Requirement. Write the lines out again, from the top of the material to the line containing "在园林绿化栽植养护过程中,由", pictures excluded.

Supplied material.
__________
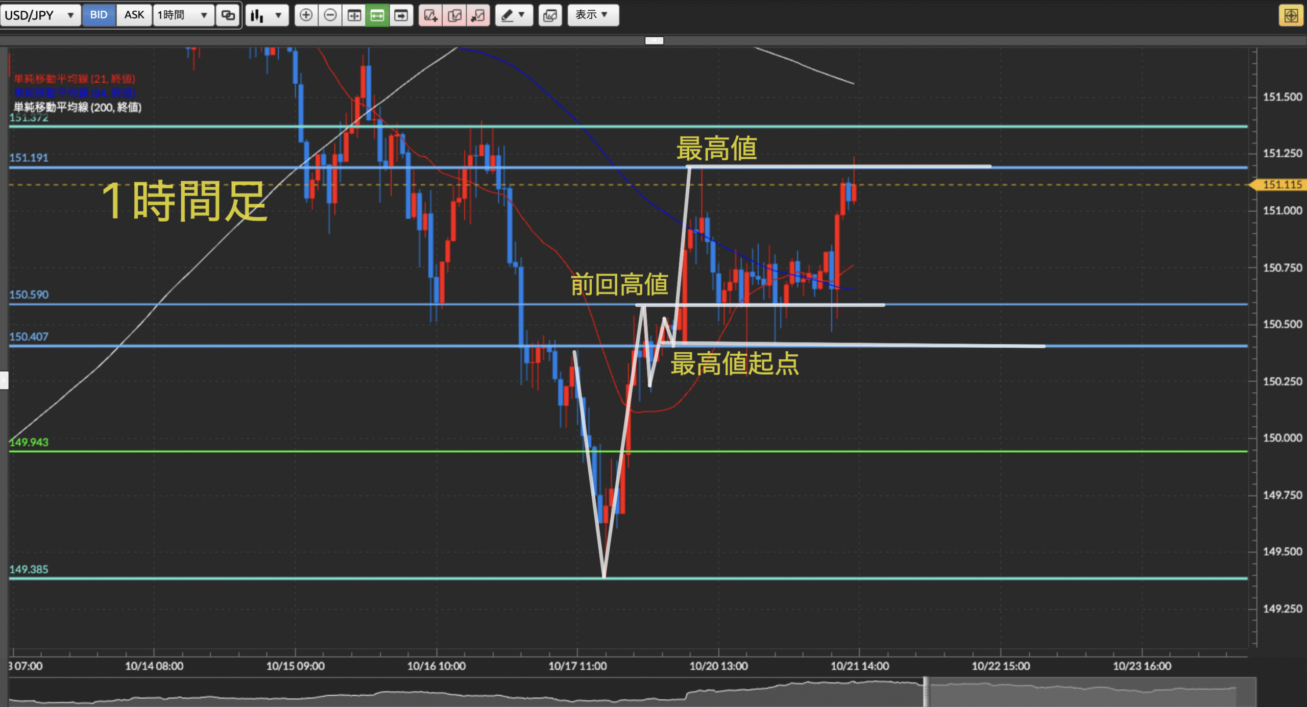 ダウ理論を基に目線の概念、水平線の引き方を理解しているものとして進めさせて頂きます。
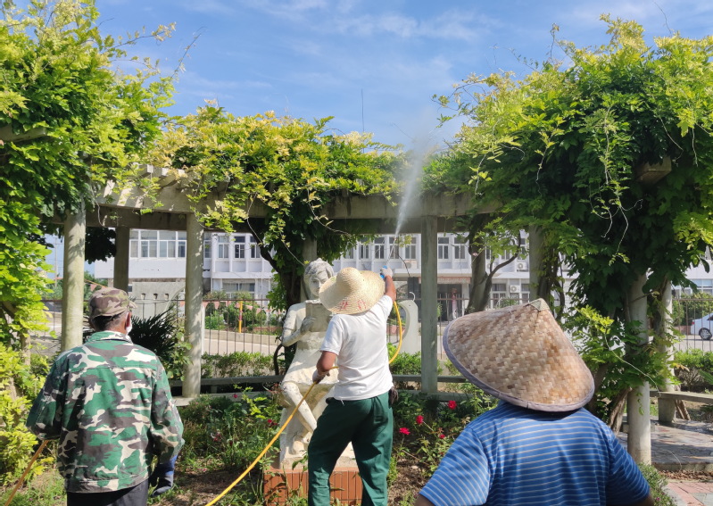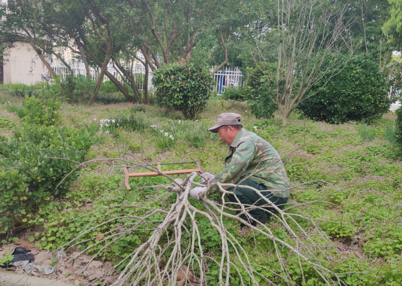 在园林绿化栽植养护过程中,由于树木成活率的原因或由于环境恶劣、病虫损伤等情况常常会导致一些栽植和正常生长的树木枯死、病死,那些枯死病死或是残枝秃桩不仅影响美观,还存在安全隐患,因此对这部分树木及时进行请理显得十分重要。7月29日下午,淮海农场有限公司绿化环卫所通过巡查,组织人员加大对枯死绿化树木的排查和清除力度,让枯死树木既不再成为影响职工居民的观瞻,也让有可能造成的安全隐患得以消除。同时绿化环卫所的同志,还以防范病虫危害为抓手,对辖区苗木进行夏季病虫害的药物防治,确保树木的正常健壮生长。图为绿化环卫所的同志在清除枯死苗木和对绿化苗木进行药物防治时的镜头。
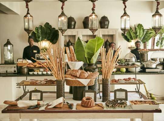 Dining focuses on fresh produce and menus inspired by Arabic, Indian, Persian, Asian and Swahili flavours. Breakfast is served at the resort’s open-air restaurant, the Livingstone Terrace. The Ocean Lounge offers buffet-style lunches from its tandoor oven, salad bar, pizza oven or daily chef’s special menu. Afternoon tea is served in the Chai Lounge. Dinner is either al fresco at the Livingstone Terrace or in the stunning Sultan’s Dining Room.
__________
Exercise output.
 ダウ理論を基に目線の概念、水平線の引き方を理解しているものとして進めさせて頂きます。
 在园林绿化栽植养护过程中,由于树木成活率的原因或由于环境恶劣、病虫损伤等情况常常会导致一些栽植和正常生长的树木枯死、病死,那些枯死病死或是残枝秃桩不仅影响美观,还存在安全隐患,因此对这部分树木及时进行请理显得十分重要。7月29日下午,淮海农场有限公司绿化环卫所通过巡查,组织人员加大对枯死绿化树木的排查和清除力度,让枯死树木既不再成为影响职工居民的观瞻,也让有可能造成的安全隐患得以消除。同时绿化环卫所的同志,还以防范病虫危害为抓手,对辖区苗木进行夏季病虫害的药物防治,确保树木的正常健壮生长。图为绿化环卫所的同志在清除枯死苗木和对绿化苗木进行药物防治时的镜头。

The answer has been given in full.